Действительно, Игналина оказалась чрезвычайно привлекательным местом для недоедавших ленинградцев. Помимо превосходных природных условий, она располагала богатым и дешевым рынком, где торговали еще свободные тогда крестьяне окрестных хуторов. Мы поселились в частном доме, мать тут же обзавелась бараном и двумя десятками кур. Целыми днями носился я с литовскими мальчишками по окрестным лесам, собирая орехи, ловя раков в озерных протоках и совершенствуя свои навыки рыбака. Однажды мать предупредили: не разрешайте сыну уходить далеко в лес: там в бункерах живут «зеленые братья» — бандиты, ненавидящие русских. На меня уговоры матери не подействовали. Но случилось так, что в Игналине был застрелен местный активист, и через день в поселок прибыл «студебекер» с автоматчиками. А еще через сутки всех жителей пригласили прийти к сельсовету. Там у стены лежали два окровавленных трупа, выставленные напоказ, чтобы другим было неповадно. Это были «зеленые братья», уничтоженные в ходе карательной операции.

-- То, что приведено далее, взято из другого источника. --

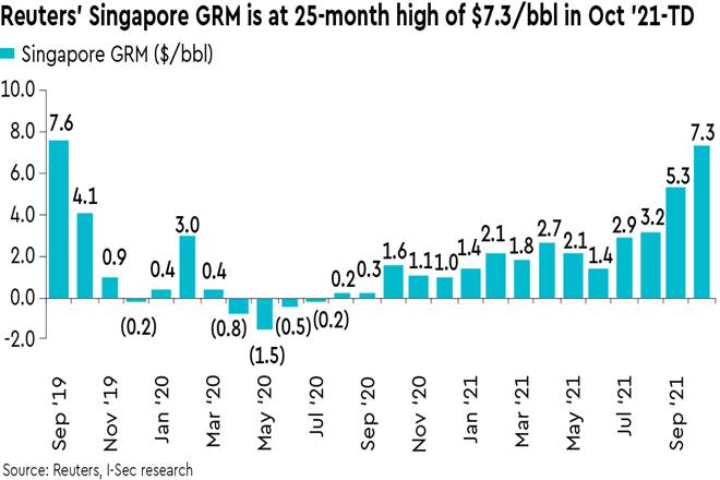 Reliance Industries’ (RIL’s) Q2FY22 EPS was up 43% y-o-y driven by rise in Ebitda across segments and fall in interest cost. Oct’21-TD Singapore GRM is at 25-month high on Chinese refinery utilisation fall, demand rise on switch from gas to liquid fuels, and fall in US and Asian auto fuel inventories. RIL’s GRM lags Singapore GRM, but is at 21-month high. GRM strength is likely to sustain until Mar’22 or even extend to FY23e especially if winter is severe, but there are headwinds, too.

Мертвецов видел я и раньше. Однажды мы, школьники, обнаружили труп в заполненной до краев водой яме в Александро-Невской лавре. Мы ткнули покойника палкой, и костюм на нем тотчас же рассыпался. Из кармана самый смелый из нас вытащил бумажник с продуктовыми карточками, военный билет. Все эти трофеи мы отнесли в ближайшее отделение милиции. Стражи порядка встретили нас грозным вопросом: где деньги? Долго пришлось объяснять, что денег не было, что покойник, видимо, жертва нападения и что милиции надо поспешить на место обнаружения трупа.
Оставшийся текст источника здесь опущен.